Tatuaje Terapéutico

Los tatuajes, tan usados como elemento decorativo del cuerpo, también pueden servir para disimular imperfecciones de la piel y mejorar partes que han sido modificadas por distintos motivos, entre ellos, la quimioterapia o una operación de cáncer.

 Los tatuajes terapéuticos y la micropigmentación son actualmente las dos técnicas más usadas para crear estos efectos ópticos. La micropigmentación médica se aplica en la epidermis superficial, una zona donde hay poca vascularización y es imposible que el pigmento migre desde la sangre a ninguna otra parte del cuerpo. A diferencia del tatuaje que se realiza en dermis profunda, al ser un tejido que no se renueva, es permanente.

El tatuaje es una técnica que usa pigmentos difíciles de eliminar. En cambio, con la micropigmentación, se aconseja aplicar un retoque al cabo de un mes de realizarla, ya que el pigmento va desapareciendo paulatinamente.

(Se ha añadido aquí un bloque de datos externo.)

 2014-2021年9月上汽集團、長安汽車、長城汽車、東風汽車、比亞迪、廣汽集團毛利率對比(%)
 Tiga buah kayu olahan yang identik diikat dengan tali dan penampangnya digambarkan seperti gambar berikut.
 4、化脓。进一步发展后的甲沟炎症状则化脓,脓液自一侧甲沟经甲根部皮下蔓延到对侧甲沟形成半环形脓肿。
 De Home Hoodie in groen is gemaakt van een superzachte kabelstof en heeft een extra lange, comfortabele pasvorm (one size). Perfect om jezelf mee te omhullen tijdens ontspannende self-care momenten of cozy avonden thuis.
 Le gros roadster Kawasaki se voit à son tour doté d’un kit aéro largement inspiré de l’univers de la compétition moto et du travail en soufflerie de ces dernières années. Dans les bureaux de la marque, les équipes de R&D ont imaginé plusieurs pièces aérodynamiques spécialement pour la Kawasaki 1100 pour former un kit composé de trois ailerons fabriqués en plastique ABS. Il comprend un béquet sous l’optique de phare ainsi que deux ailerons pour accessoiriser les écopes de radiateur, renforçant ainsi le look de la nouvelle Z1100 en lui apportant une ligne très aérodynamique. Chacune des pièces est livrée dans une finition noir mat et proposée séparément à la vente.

Estas técnicas permiten, tras una mastectomía, por ejemplo, componer parte o la totalidad de la areola y recrear ópticamente el pezón perdido, ocultar cicatrices o aumentar ópticamente el tamaño de la areola. También es posible con ellas camuflar vitíligos (enfermedad en la que se pierde la pigmentación de la piel). Se utilizan cuando no son áreas muy extensas del cuerpo o incluso en alopecias causadas muchas veces por un tratamiento de quimioterapia.

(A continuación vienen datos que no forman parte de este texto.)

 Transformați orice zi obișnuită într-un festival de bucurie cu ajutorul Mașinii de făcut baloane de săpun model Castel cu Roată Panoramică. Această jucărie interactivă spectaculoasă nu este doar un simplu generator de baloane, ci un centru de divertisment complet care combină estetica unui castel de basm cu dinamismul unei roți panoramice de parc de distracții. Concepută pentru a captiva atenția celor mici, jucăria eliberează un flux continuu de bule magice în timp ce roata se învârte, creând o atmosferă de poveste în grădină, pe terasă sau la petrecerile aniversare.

Muchos pacientes también optan por el tatuaje artístico, que permite camuflar una cicatriz tras un bonito diseño. Los pigmentos utilizados tanto en los terapéuticos como en los artísticos son permanentes igualmente. Se aplican en dosis individuales, desechando siempre el sobrante.

En los casos de camuflaje de la alopecia,  se puede realizar micropigmentación en las entradas del cuero cabelludo y en las cejas, con la ayuda de una línea de pelo microinjertado de otras partes del cuerpo, para recuperar zonas donde el pelo no ha crecido con tanta densidad.

Son tratamientos de baja agresividad y fácil curación, con los que se consiguen resultados naturales y que evitan nuevas intervenciones. Recuperar la apariencia estética genera efectos psicológicos muy positivos en la persona.